Give back the entries that follow exactly as written. Any picture gets left out.

^^^^^^^^^^^^^^^^

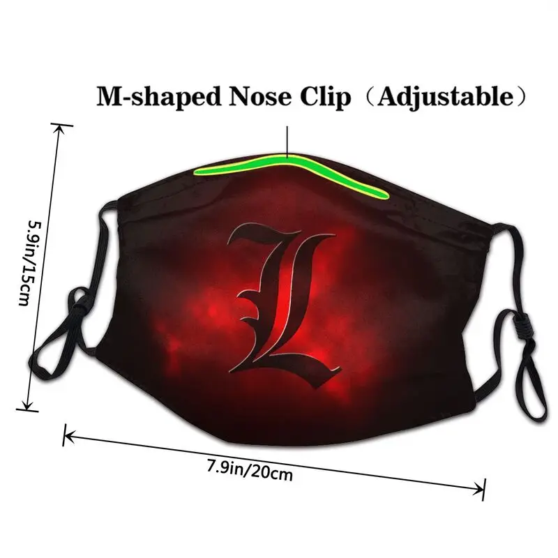 Многоразовая маска с символикой Death Note L, маска для взрослых, Аниме Манга, мужская, женская, мужская, защитный чехол, респиратор
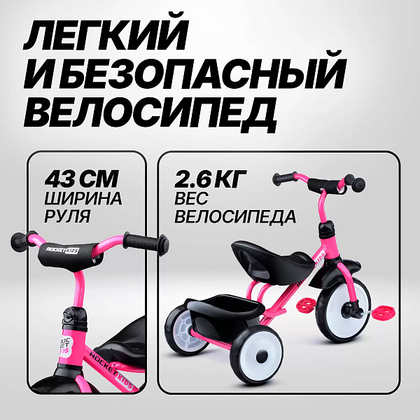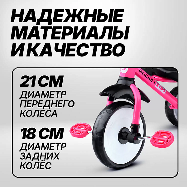 Велосипед трехколесный Rocket, колеса EVA 10"/8", цвет розовый R0135-PK
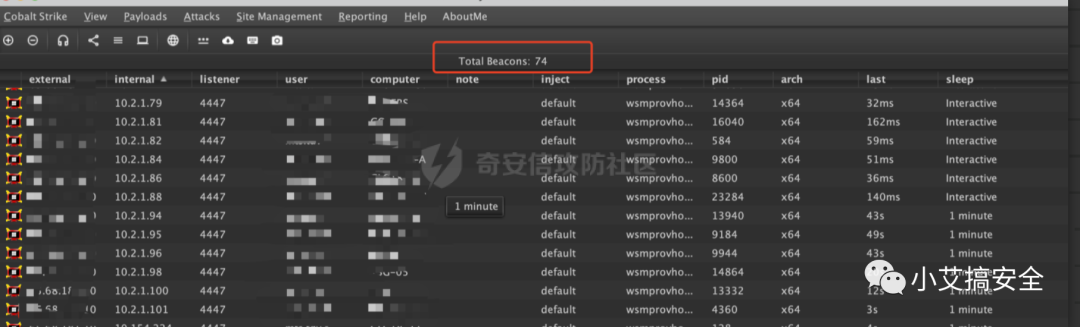 因为前面已经拿到了100多台机子的权限,所以能想到的第一个思路就是把100多台主机上的hash都进行一个抓起取,然后看是否可以抓到域管的账号,但是这里抓完之后会发现,没有一台域管是上线的,所以这里也比较无语。
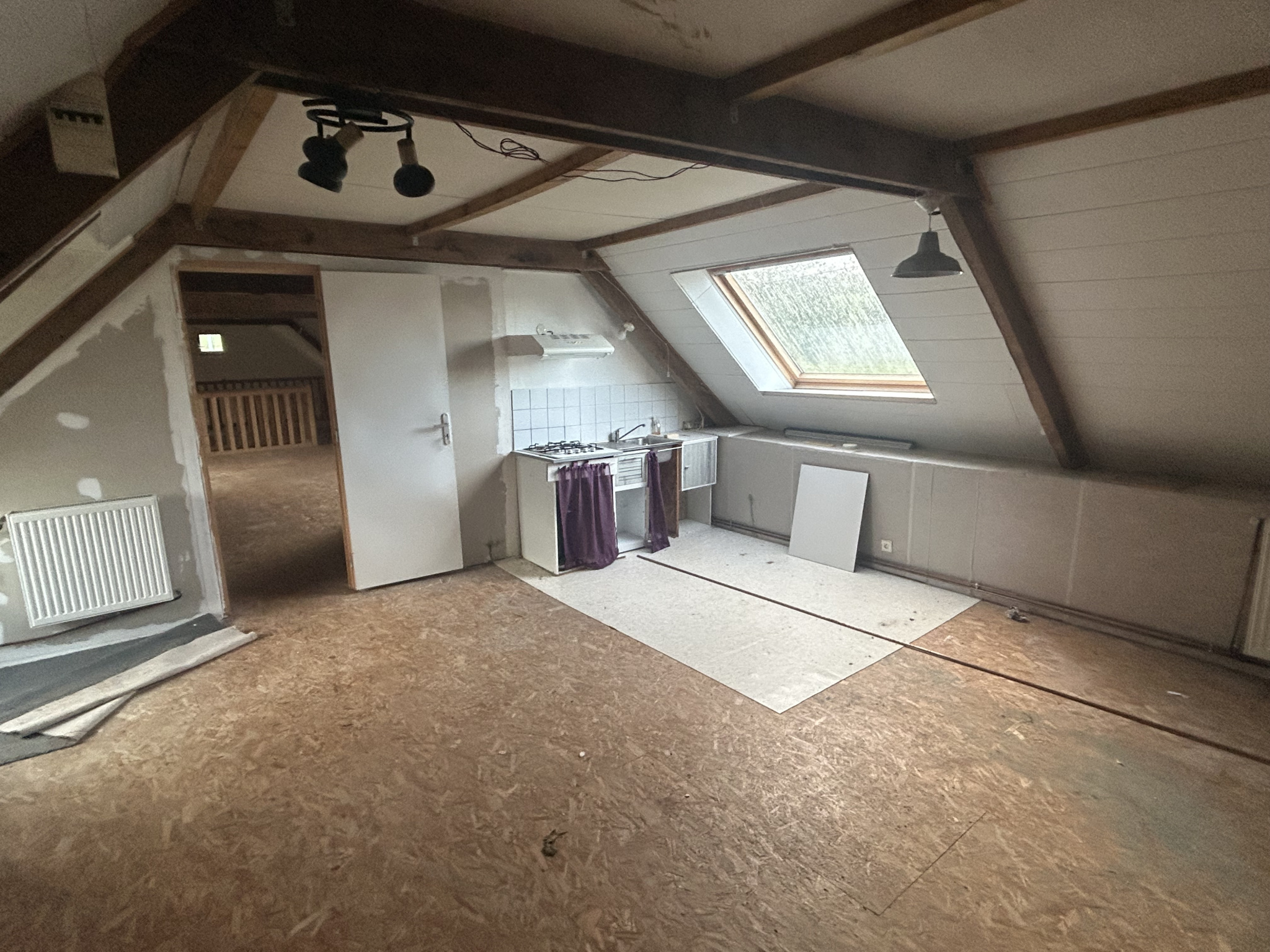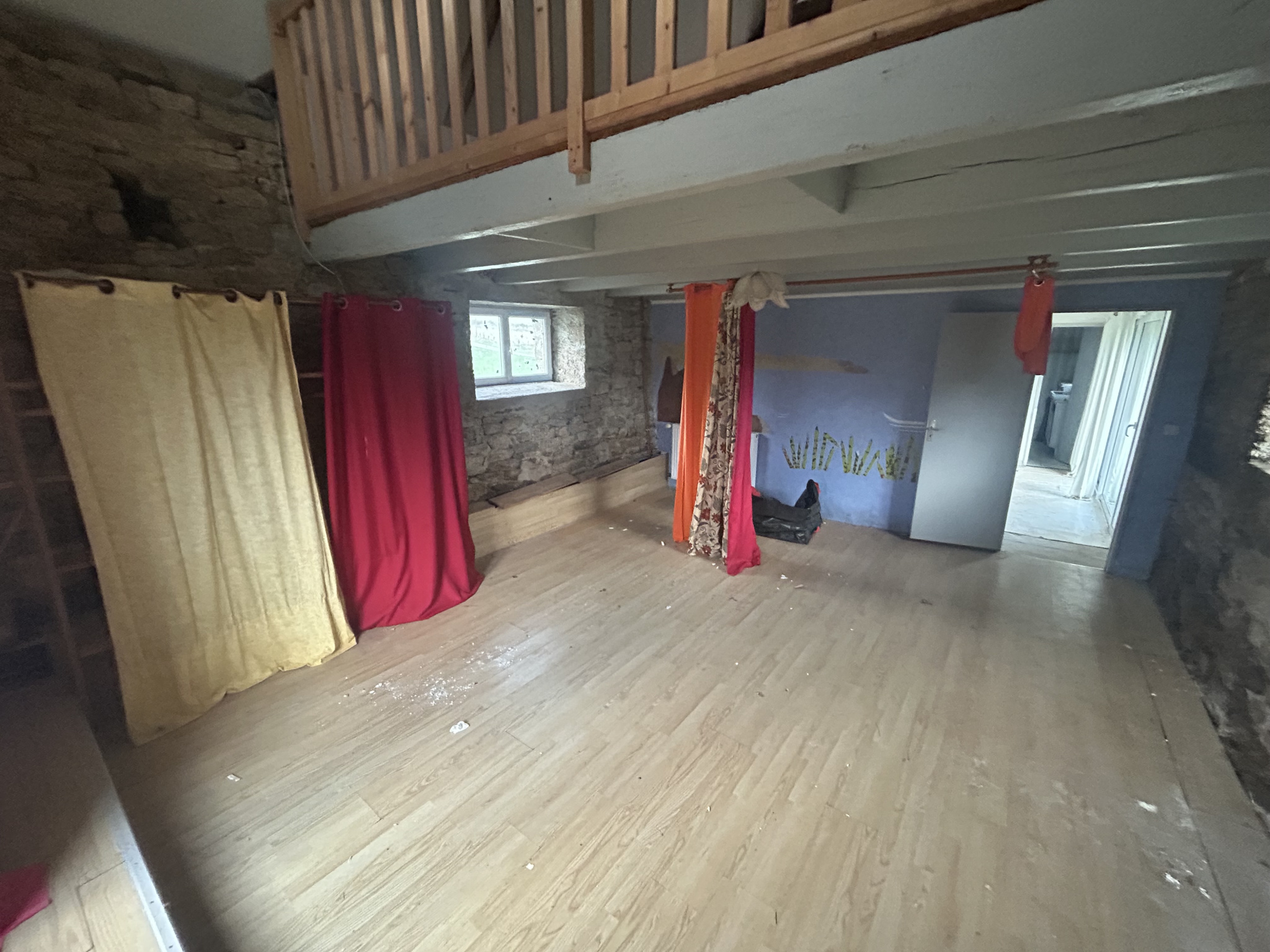 À l'étage, une mezzanine dessert une pièce avec coin cuisine et point d'eau, une chambre et une salle d'eau, offrant des espaces complémentaires selon vos besoins.
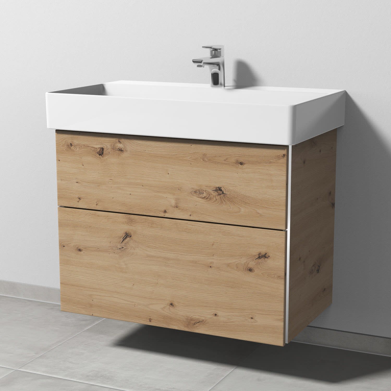 Sanipa 3way Waschtischunterbau für Keramik-Waschtisch Dura Square 80 cm, 2 Auszüge mit Griffleisten
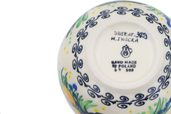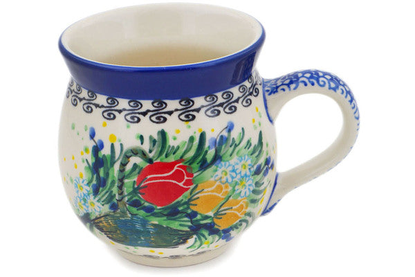 This Swaying Tulips 12oz Bubble Mug was handmade and hand decorated in Boleslawiec, Poland by skilled artisans according to old traditional methods. This is a Polish pottery Signature Unikat, which means that it has been hand painted with both sponges and brushes and it is signed by the artist who painted it. Unikat pieces are the most intricate works of art. Larger Unikat items take hours of very careful work to finish. This Polish stoneware is microwave, dishwasher, freezer, and oven safe up to 480°F. It does not contain lead or cadmium. It is part of the Swaying Tulips Collection.

^^^^^^^^^^^^^^^^

EXPECTED ANSWER ▸
 Многоразовая маска с символикой Death Note L, маска для взрослых, Аниме Манга, мужская, женская, мужская, защитный чехол, респиратор
 Велосипед трехколесный Rocket, колеса EVA 10"/8", цвет розовый R0135-PK
 因为前面已经拿到了100多台机子的权限,所以能想到的第一个思路就是把100多台主机上的hash都进行一个抓起取,然后看是否可以抓到域管的账号,但是这里抓完之后会发现,没有一台域管是上线的,所以这里也比较无语。
 À l'étage, une mezzanine dessert une pièce avec coin cuisine et point d'eau, une chambre et une salle d'eau, offrant des espaces complémentaires selon vos besoins.
 Sanipa 3way Waschtischunterbau für Keramik-Waschtisch Dura Square 80 cm, 2 Auszüge mit Griffleisten
 This Swaying Tulips 12oz Bubble Mug was handmade and hand decorated in Boleslawiec, Poland by skilled artisans according to old traditional methods. This is a Polish pottery Signature Unikat, which means that it has been hand painted with both sponges and brushes and it is signed by the artist who painted it. Unikat pieces are the most intricate works of art. Larger Unikat items take hours of very careful work to finish. This Polish stoneware is microwave, dishwasher, freezer, and oven safe up to 480°F. It does not contain lead or cadmium. It is part of the Swaying Tulips Collection.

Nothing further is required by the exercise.